Alyssa kamerasını tüm yolculuk boyunca açık tutmuştu ama o bile arabadaki tuhaf sessizliği önlemeyemiyordu. Neptün'ün Kılıcı'na gideceklerini söylemişti kardeşi. Alyssa birkaç kez gördüğünü hatırlıyordu ve yolu da biliyordu. Fazla uzak değildi. Alyssa'nın beyni yine boş durmamış Neptün'ün Kılıcı ismini düşünmeye başlamıştı. Alyssa bunun olmasından nefret ediyordu.

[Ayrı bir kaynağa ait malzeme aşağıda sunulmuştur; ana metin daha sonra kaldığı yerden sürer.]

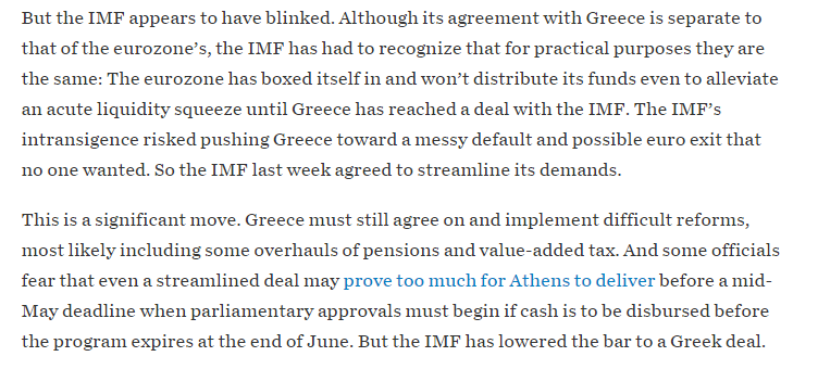 <p>The inter-institutional tensions are evidently reaching a critical stage, although in fact the issue has now been knocking around for some weeks,<a href=”https://www.wsj.com/articles/standoff-between-greece-and-creditors-over-bailout-deal-tests-imf-1429743220″> as Simon Nixon reported in the WSJ</a> on April 22.The IMF, he said, “appears to have blinked”.</p>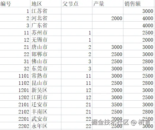 **树数据集:**帆软报表中有种数据集类型是“树数据集”,可以根据父节点等信息自动分析数据结构,生成带层级的数据集: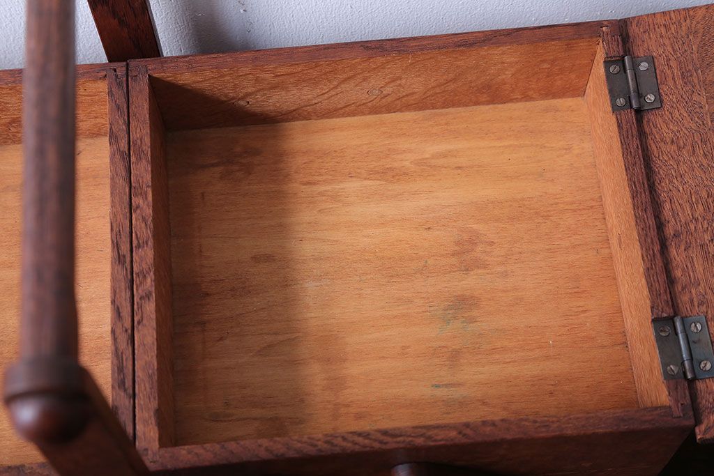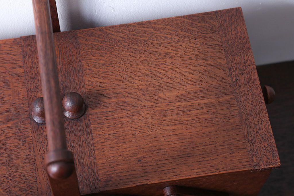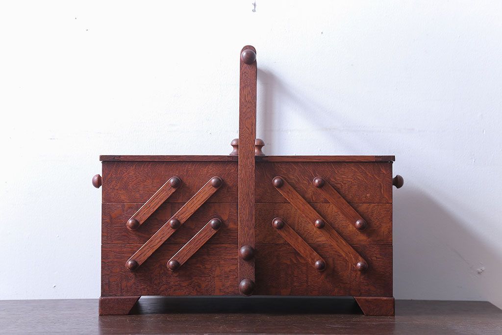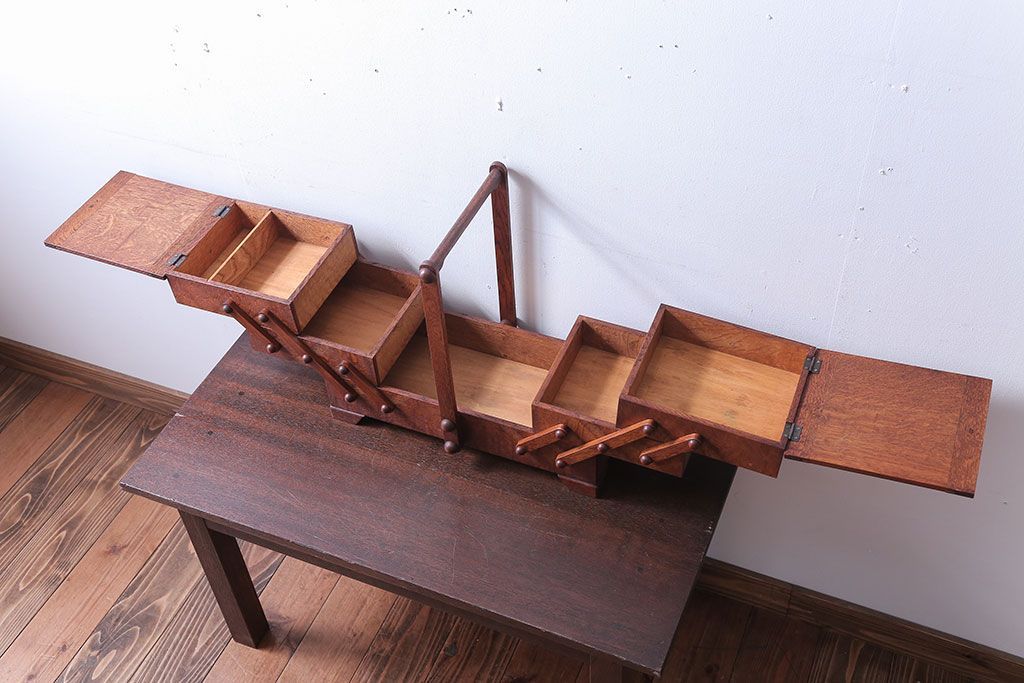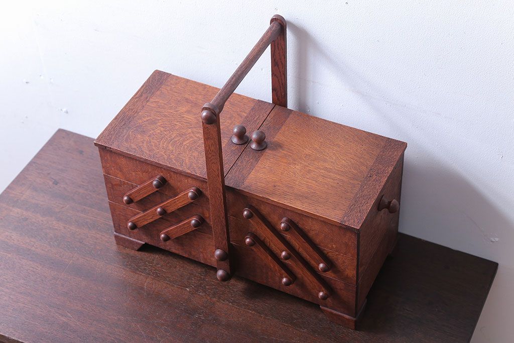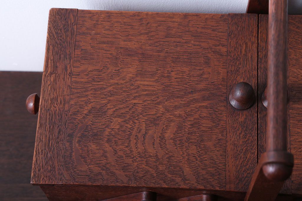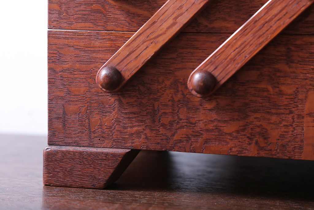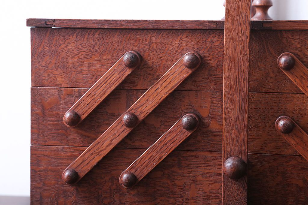 アンティーク雑貨 和製アンティーク 古いナラ材の階段状に広がる脚付き裁縫箱

Kendini alamıyordu ama. Neptün'ün mitolojide gerçekten bir kılıcı var mıydı? Alyssa olduğundan pek emin değildi. Gerçi mitoloji diğer tüm inançların olduğu gibi gereksiz ve saçma değil miydi zaten? Ama pagan dinleri gerçekten daha saçmaydı. Birbirleri ile çakışan işleri yapmak için birden fazla tanrıları vardı. Bu her şeyden önce verimsizdi. Dinlerin verimsiz olmasının yanı sıra insanlar tarih boyunca Tanrı ya da Tanrılar adına veya tam tersi Tanrı ya da Tanrılara karşı savaş çıkarmışlardı. Dinler insanların kan dökmek için uydurduğu bahanelere dayanıyordu ona göre. Tabi ki mitolojinin getirdiği kültürel derinliğe saygılıydı gerçekten çok yaratıcıydı ama yukarıda biri olamayacak kadar-

" Lyssa, inmeyecek misin? " diye soran kardeşi Alyssa sonunda düşünce zincirinden çıkartmıştı. Kardeşine hatrı sayılır bir süre boyunca boş boş baktı. " Lyssa, bir şey mi oldu? " diye sordu kardeşi merakla.

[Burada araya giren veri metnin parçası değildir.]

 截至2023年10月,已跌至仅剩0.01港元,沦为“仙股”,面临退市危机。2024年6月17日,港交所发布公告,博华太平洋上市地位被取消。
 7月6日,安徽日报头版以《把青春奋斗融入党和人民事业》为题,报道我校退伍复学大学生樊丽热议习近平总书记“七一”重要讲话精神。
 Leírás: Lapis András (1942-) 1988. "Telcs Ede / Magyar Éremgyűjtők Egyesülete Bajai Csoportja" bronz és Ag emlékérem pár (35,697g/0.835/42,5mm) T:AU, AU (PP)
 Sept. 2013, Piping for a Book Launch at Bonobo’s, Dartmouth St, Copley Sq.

" Hayır iyiyim. Sadece dalmışım. " diye açıkladı Alyssa arabadan inerken. Alyssa burayı seviyordu her ne kadar ismi kafasını karıştırsa da. Deniz kıyısında küçük bir yerdi, kendi çapında bir kitlesi vardı ama Alyssa'nın asla tanıdık bir yüz görmeyeceği bir yerdi. Alyssa buraya gelenlerin çoğunun ismini öğrenmişti zamanla ama onların kendisini fark ettiklerinden emin değildi. Instagram'daki fotoğtaflarınızda olmasını isteyeceğiniz bir yer değildi bir çoğuna göre. Ama Alyssa burayı gerçekten seviyordu, hatta belki de bu yüzden seviyordu küçük olduğu için. Kumsala konulmuş masalardan birine oturdular. Alyssa ayakkabılarını çıkardı, çıplak ayaklarıyla kumda olmayı seviyordu. Ne yaptığını gören Daniel gülümsedi. Kendilerine doğru gelmekte olan garson doğrudan kardeşinin gözlerinin içine bakıyordu. Garson onlardan kesinlikle büyüktü belki on altı yaşındaydı belki daha büyük ama kardeşini olduğundan daha büyük sandığı kesindi. Garson siparişlerini aldı.

" Sence projeyi bitirebilecek miyiz? " diye sordu Alyssa. Daniel elin saçının içinden geçirirken cevap verdi.

" Bilmiyorum. " dedi oğlan. " Alyssa kalkıştığımız işin bizi gerçekten aşıyor olabileceğini düşündün mü? Sadece lise öğrencileriyiz. " diye sordu başını sallarken.

" Bu işe başlamadan önce de biliyorduk bunun iki lise öğrencisi olduğumuzu biliyorduk." diye itiraz etti Alyssa. Beş kişinin altından kalkmayacağı bir şey olduğunu Alyssa da biliyordu. Bu yüzden babasının sahip olduğu şirketlerden birinde çalışmaya başlamışlardı. Arkasında bir sürü araştırmacısı desteği vardı. Başarılı olup olmayacağı belli değildi, imkansız diyordu birçokları.

" Daniel, haklı Alyssa ne kadar zeki olsan da hala küçüksün. Ben daha liseye geçmedim." dedi Tyler. Garson elinde siparişleriyle geldi. Daniel ve Tyler için hamburger ve patates Alyssa için soğuk kahve. Alyssa içebilir miydi bilmiyordu ama üzerini krema kaplı istemişti. Garson kız ilk önce oğlanlara sonra da Alyssa'ya baktı. Kızın dolgun dudakları, hafif kalkık kaşları vardı. Birinin kendisini keşfetmesini istiyorsa daha popüler bir kafede çalışmak işine yarayabilirdi. Kız gerçekten garson olarak kalamayacak kadar fazla güzeldi. " Burası Los Angeles, evsizlerin bile IMDB sayfası var. " diye alıntı yaptı kardeşi garson gider gitmez. Alyssa güldü. Ne düşündüğü gerçekten o kadar belli oluyor muydu?